Burke Marshall, who aided in formulating these responses for the Justice Department, told the Committee that rumors of communist infiltration in the civil rights movement had caused the Administration considerable concern.

At that point, in some sense the business was a political problem, not from the point of view of the support that the civil rights movement was giving the administration or anything like that, but how to be honest with the Senators with this problem facing us and at the same time not to give ammunition to people who for substantive reasons were opposed to civil rights legislation.

Generally, for years the civil rights movement in the South and to some extent in some quarters in the North ... were constantly referred to as communist infiltrated, communist inspired, radical movements ... So that the political problem that I would identify with this whole situation would be that and not a question of whether or not there was support given the Administration by civil rights groups in the South.

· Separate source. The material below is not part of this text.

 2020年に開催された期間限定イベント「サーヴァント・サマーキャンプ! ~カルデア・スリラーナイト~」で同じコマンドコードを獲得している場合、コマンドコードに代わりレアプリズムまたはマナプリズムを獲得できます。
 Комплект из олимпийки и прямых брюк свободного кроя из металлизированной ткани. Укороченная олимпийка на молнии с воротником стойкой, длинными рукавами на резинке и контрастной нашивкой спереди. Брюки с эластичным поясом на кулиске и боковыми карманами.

(UNITED STATES SENATE, SUPPLEMENTARY DETAILED STAFF REPORTS ON INTELLIGENCE ACTIVITIES AND THE RIGHTS OF AMERICANS, BOOK III, FINAL REPORT OF THE SELECT COMMITTEE TO STUDY GOVERNMENTAL OPERATIONS WITH RESPECT TO INTELLIGENCE ACTIVITIES, DR. MARTIN LUTHER KING, JR., CASE STUDY, APRIL 23 (under authority of the order of April 14), 1976)

NOTES

*COMINFIL is how the FBI referred to its "Communist Infiltration" investigations.

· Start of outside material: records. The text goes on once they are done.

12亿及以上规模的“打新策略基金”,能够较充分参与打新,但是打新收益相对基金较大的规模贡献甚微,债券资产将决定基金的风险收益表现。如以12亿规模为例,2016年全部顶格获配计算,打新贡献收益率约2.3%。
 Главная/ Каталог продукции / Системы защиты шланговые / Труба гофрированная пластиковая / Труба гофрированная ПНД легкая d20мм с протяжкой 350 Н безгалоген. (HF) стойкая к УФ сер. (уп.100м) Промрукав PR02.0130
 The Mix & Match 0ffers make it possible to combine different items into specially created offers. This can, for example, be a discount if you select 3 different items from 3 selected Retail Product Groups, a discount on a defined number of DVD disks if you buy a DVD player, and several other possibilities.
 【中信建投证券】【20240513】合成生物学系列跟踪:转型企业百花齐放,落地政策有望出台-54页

**Excerpted here is section III B of the MLK Case Study, linked in the citation, above. The background on Advisers A and B can be found in section III A, available at the same link, above. The red baiting of MLK's advisers has been discussed at length by David Garrow. Stanley Levison, Jack O'Dell and Bayard Rustin were all red baited out of prominent roles in the SCLC (Rustin was also gay baited).